What needs to be done: The listing below should be printed exactly, though its pictures must not be.

Information provided:
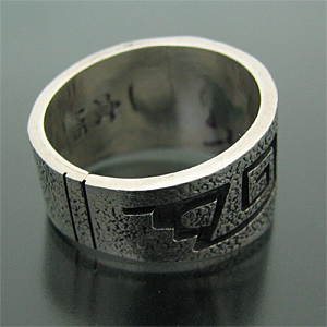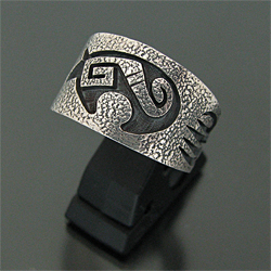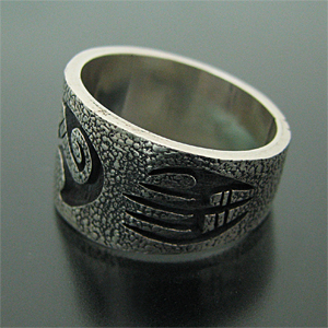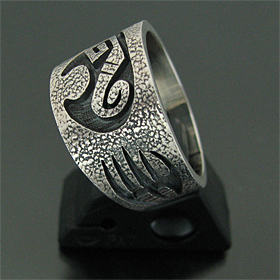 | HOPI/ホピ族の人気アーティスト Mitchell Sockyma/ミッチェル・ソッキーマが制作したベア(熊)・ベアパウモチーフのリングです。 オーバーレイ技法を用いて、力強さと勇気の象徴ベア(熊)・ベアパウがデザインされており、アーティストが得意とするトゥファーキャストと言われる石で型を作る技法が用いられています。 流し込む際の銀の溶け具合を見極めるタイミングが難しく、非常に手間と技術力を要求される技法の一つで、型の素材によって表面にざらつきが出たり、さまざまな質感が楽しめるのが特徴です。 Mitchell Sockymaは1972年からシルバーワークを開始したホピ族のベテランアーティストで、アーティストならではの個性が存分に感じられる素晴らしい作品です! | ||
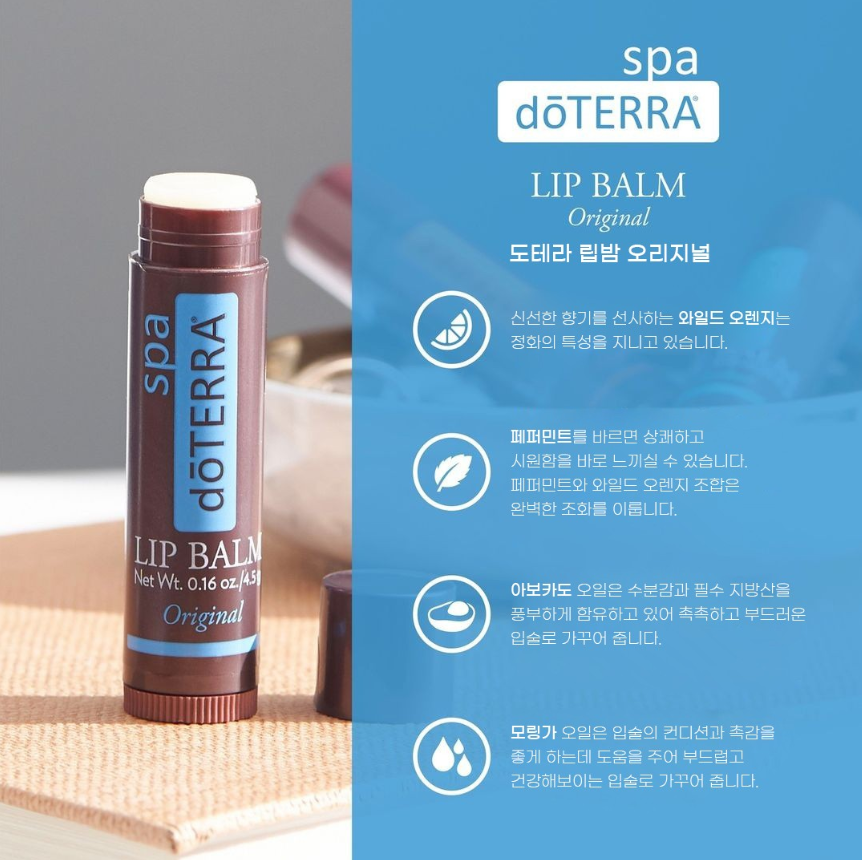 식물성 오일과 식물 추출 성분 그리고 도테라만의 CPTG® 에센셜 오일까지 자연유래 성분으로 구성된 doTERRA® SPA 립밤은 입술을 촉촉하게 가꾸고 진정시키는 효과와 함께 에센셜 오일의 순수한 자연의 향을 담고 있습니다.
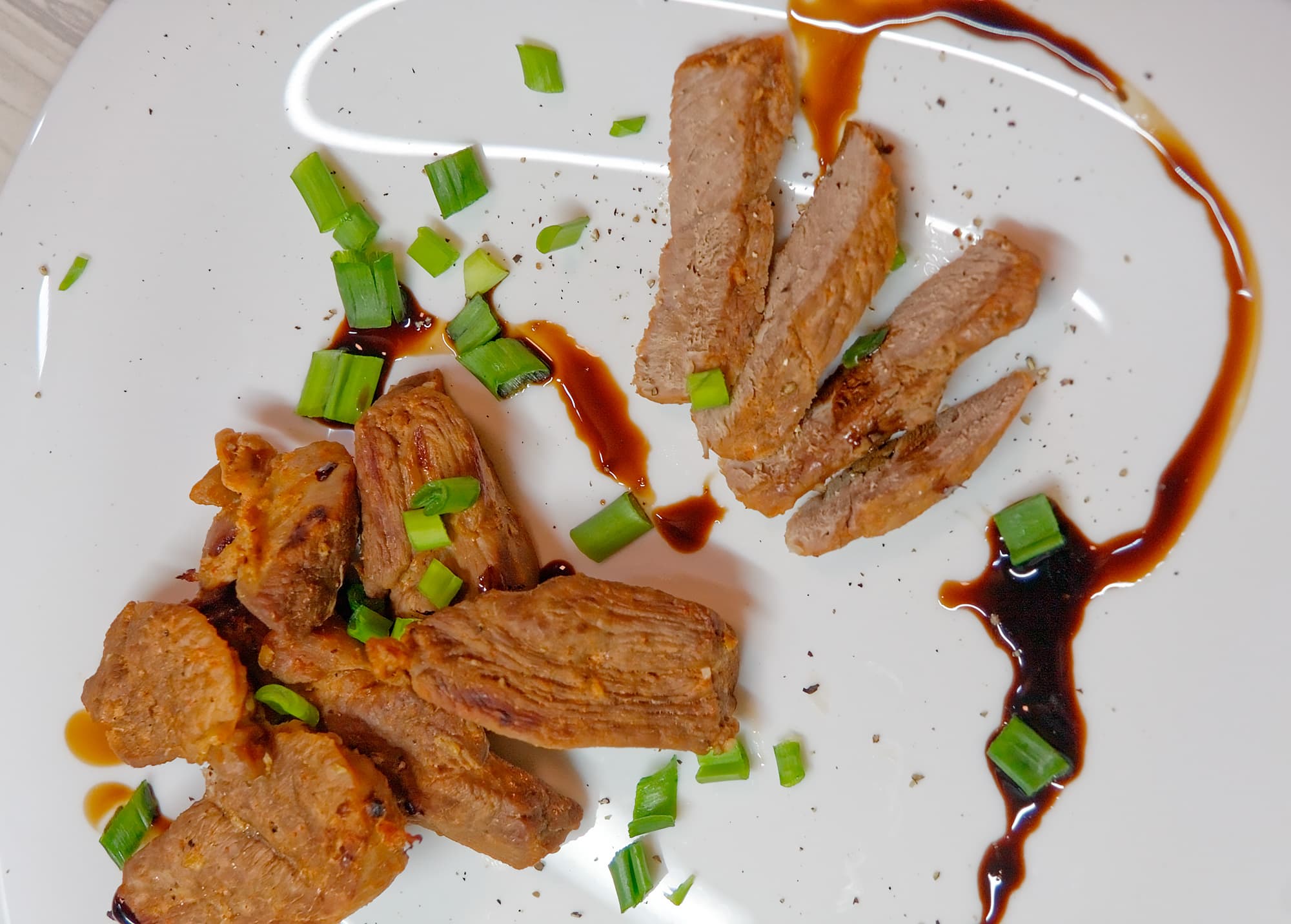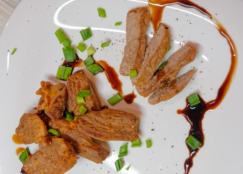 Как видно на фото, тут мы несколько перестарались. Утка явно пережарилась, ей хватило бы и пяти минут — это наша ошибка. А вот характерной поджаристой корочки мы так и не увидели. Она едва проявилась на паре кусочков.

Exercise result:
 | HOPI/ホピ族の人気アーティスト Mitchell Sockyma/ミッチェル・ソッキーマが制作したベア(熊)・ベアパウモチーフのリングです。 オーバーレイ技法を用いて、力強さと勇気の象徴ベア(熊)・ベアパウがデザインされており、アーティストが得意とするトゥファーキャストと言われる石で型を作る技法が用いられています。 流し込む際の銀の溶け具合を見極めるタイミングが難しく、非常に手間と技術力を要求される技法の一つで、型の素材によって表面にざらつきが出たり、さまざまな質感が楽しめるのが特徴です。 Mitchell Sockymaは1972年からシルバーワークを開始したホピ族のベテランアーティストで、アーティストならではの個性が存分に感じられる素晴らしい作品です! | ||
 식물성 오일과 식물 추출 성분 그리고 도테라만의 CPTG® 에센셜 오일까지 자연유래 성분으로 구성된 doTERRA® SPA 립밤은 입술을 촉촉하게 가꾸고 진정시키는 효과와 함께 에센셜 오일의 순수한 자연의 향을 담고 있습니다.
 Как видно на фото, тут мы несколько перестарались. Утка явно пережарилась, ей хватило бы и пяти минут — это наша ошибка. А вот характерной поджаристой корочки мы так и не увидели. Она едва проявилась на паре кусочков.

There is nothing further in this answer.